So, Mike comes up to me and says, “Hey PeaceBang, I’m in a jacket, spiffy huh?” or words to that effect. This happens to me all the time when I am with my people: they tease. And I’m like, “Oh, OKAY, so you think you can tease the Bang, huh?” Because deep down in my heart, I know that when people approach me that way, they really do want to engage, and so we do. I appreciate their great details like no one else but maybe an attentive spouse will (“Those socks are FABULOUS!!”) and we giggle and chat and have a great time. But sometimes I have to lovingly administer the Chastening Rod of PeaceBang and say, “Do you really want a quick image read or are you just joshing?” And they say, “Yes, yes, tell me.” And we get down to business and even that is fun because ATTENTION IS LOVE. When someone focuses on you with the kind of intensity and intention that I do, I think folks get right away that this is about LERV. Big LERV from someone who absolutely wants you to be fabulous in the world.

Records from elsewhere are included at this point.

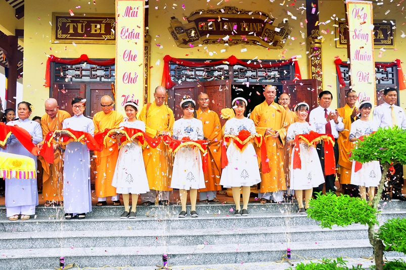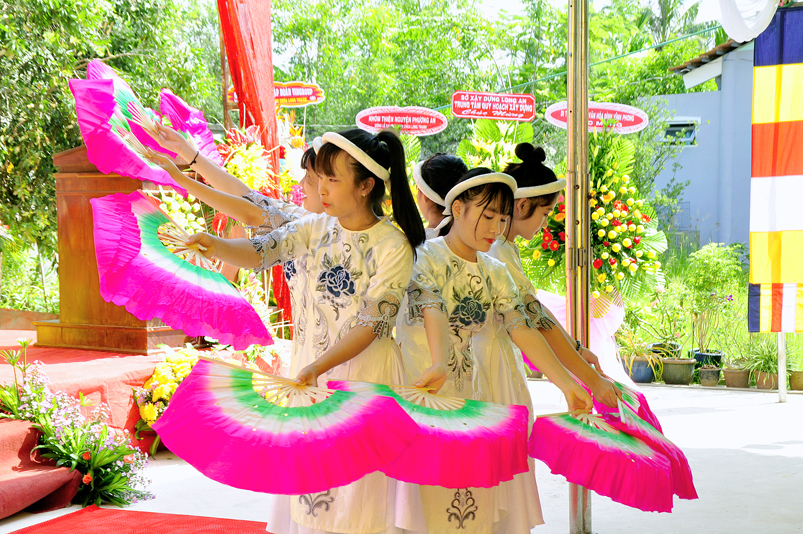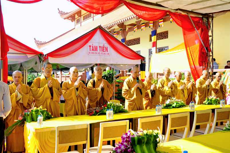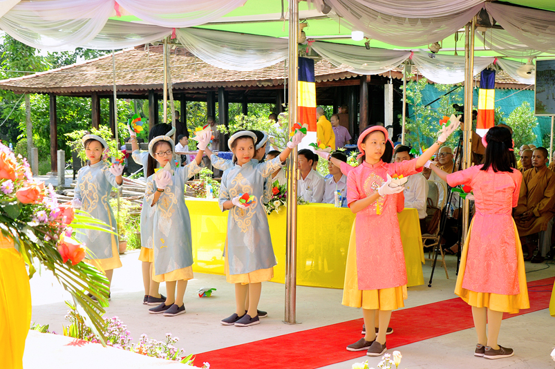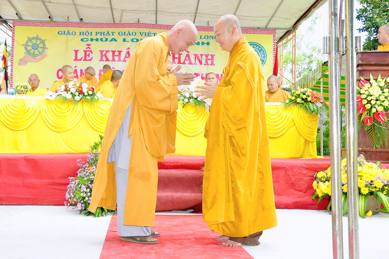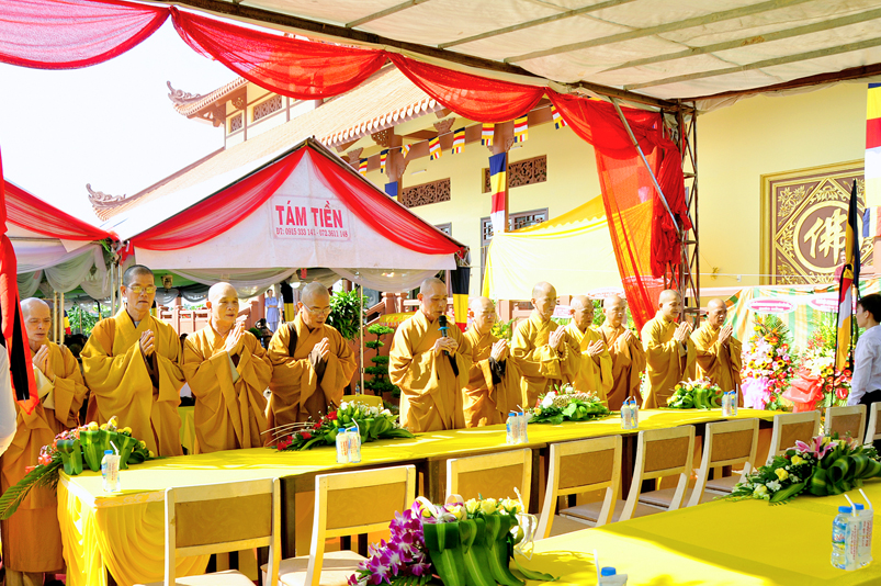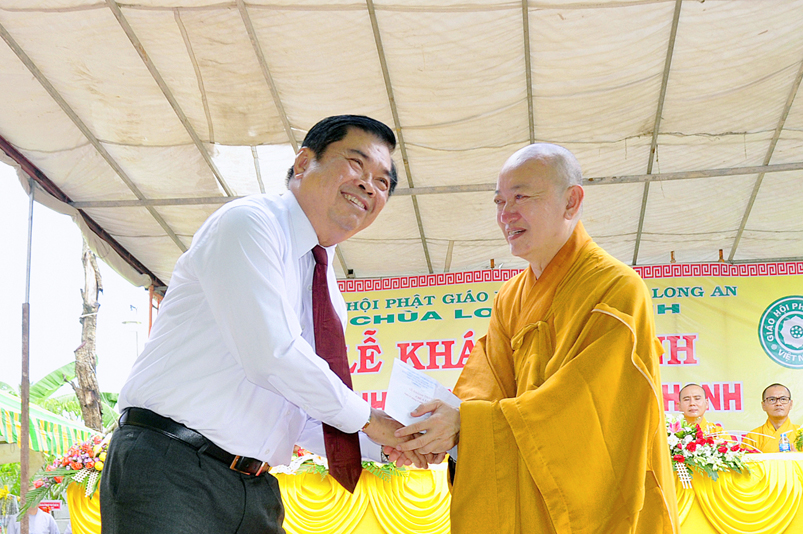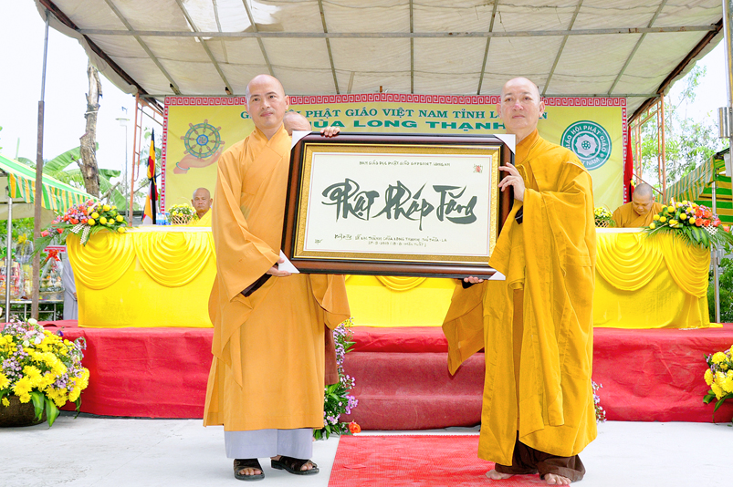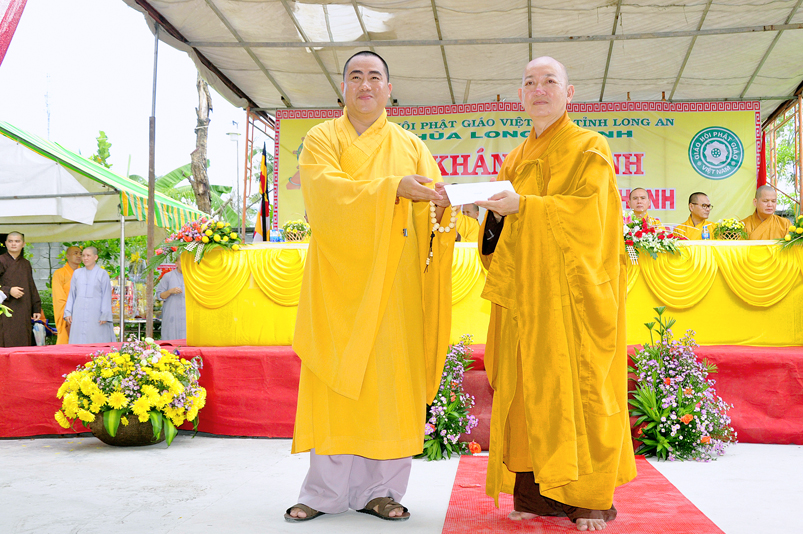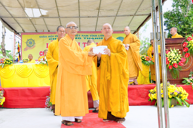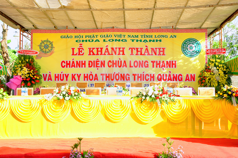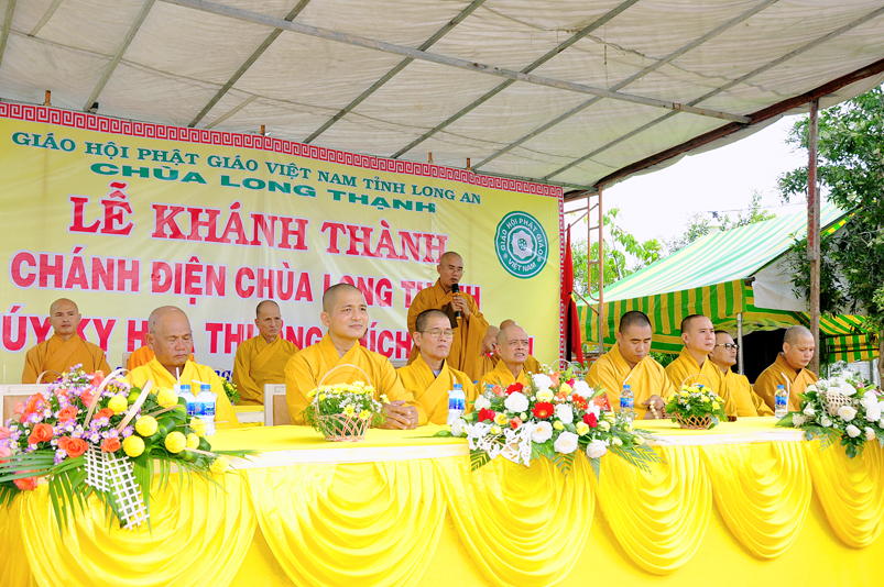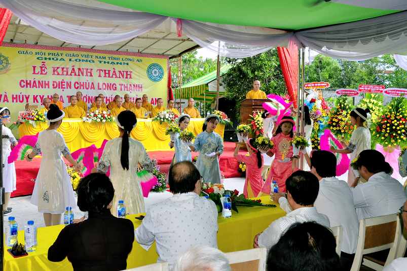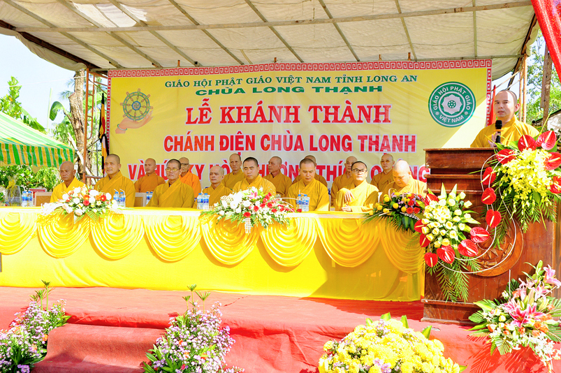 Sau phần nghi thức Lễ nghi truyền thống Phất giáo: Niệm Phật cầu gia hộ,phút mật niệm Chủ tịch nước Trần Đại Quang, giới thiệu thành phần tham dự, dâng hoa… đến phần nội dung buổi lễ. Thượng tọa Quảng Tâm – Phó ban Trị sự GHPGVN tỉnh Long An, trụ trì chùa Long Thạnh, Trưởng ban tổ chức đã báo cáo quá trình hình thành, và phát triển chùa Long Thạnh, tóm lược như sau:
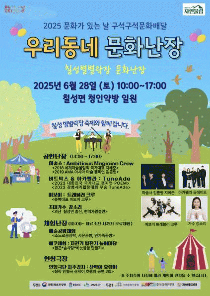 À̹ø Çà»ç´Â Ä¥¼º¸é ÁֹεéÀÌ Á÷Á¢ ±âȹÇϰí Âü¿©ÇÏ´Â Áö¿ª ´ëÇ¥ °Å¸®ÃàÁ¦ÀÎ ¡®Ä¥¼ºº°º°¶ôÀ塯°ú Çù¾÷ÇØ ¡®Ä¥¼ºº°º°¶ôÀå ¹®È³À塯À̶ó´Â À̸§À¸·Î ÁøÇàµÈ´Ù.
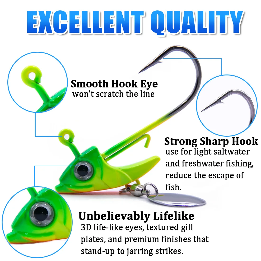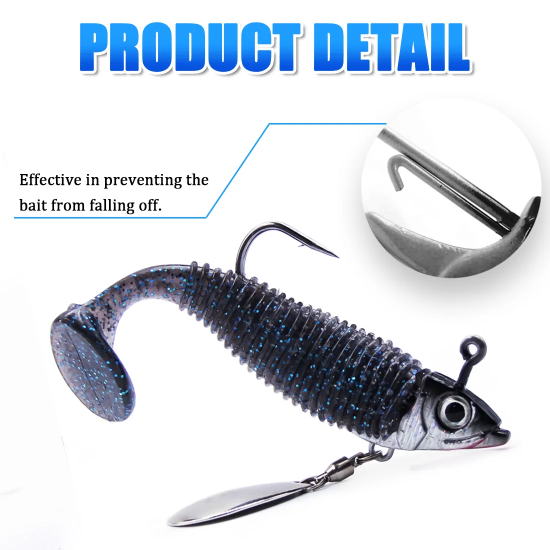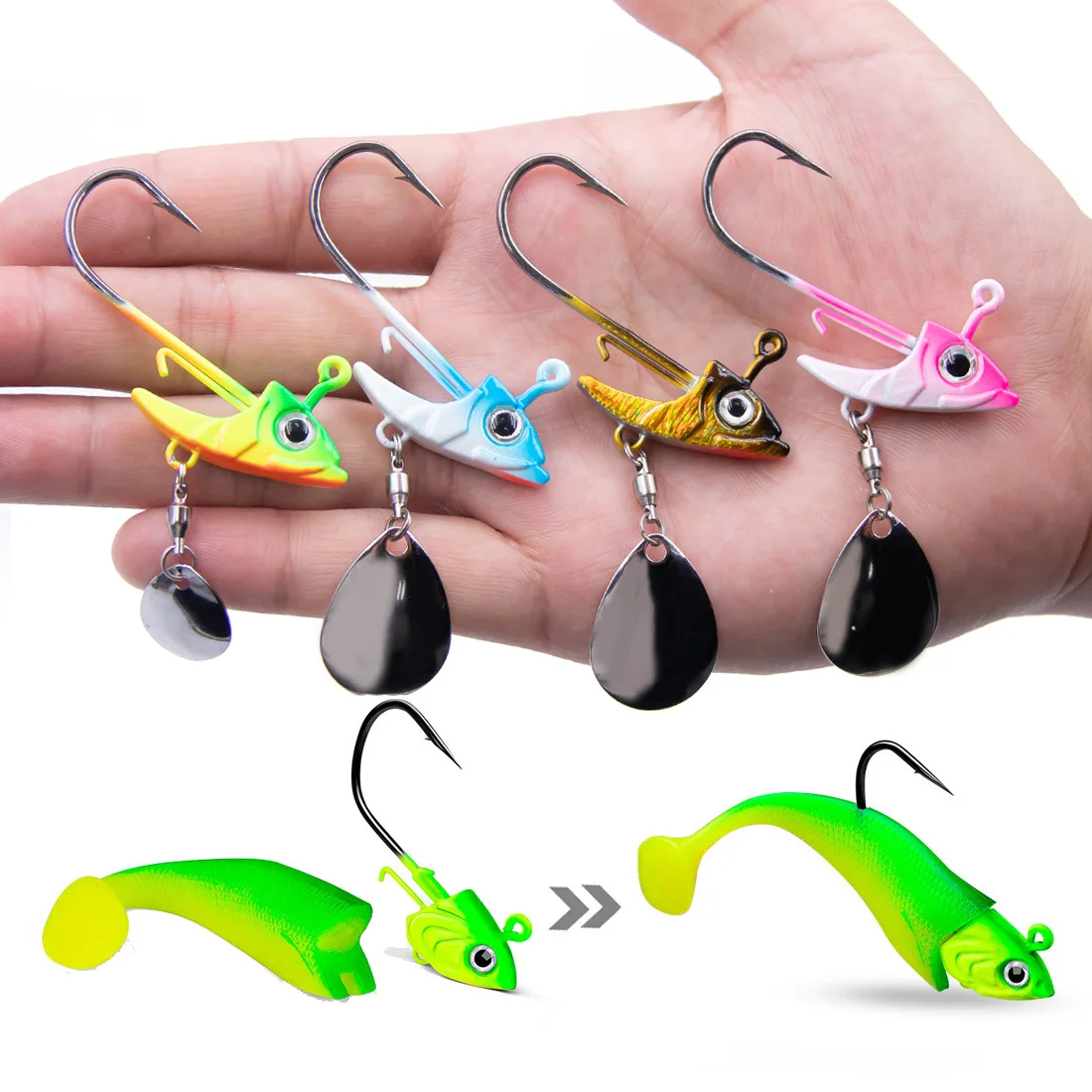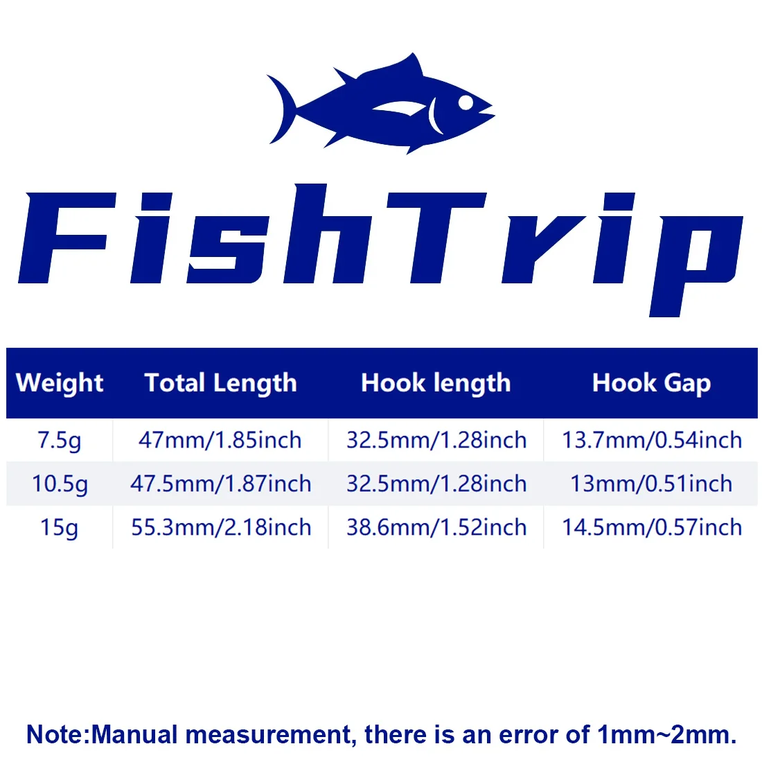 FishTrip Pesca Swimbait Jig Head Hook 7,5 ~ 15g Triangular Jig Head para señuelo de gusano suave con hoja giratoria para lubina trucha salmón

It was with great love, then, that I had to tell Mike that his jacket is way too big. This was a great opener for him to talk a little bit about having lost weight, and me to say “YAY MIKE!” and to show him how his jackets should fit, and to repeat my mantra that (repeat it with me) Every Minister Should Find a Tailor To Love And Cherish ‘Til Death Do You Part.
This jacket is just way too big. You shouldn’t be able to wrap your jacket around you like a kimono. It’s too big and too long and it’s making him look like a little boy. I don’t think this can be saved by tailoring because it’s at least two sizes too big. This one needs to go to a charitable organization.
Mike graciously allowed me to snap his photo and even more graciously consented, with a big smile, to being put in The Naughty Corner. Which I so appreciate, because we all learn a lot from The Naughty Corner but of course I can’t go around taking photos of people and posting them there without their permission.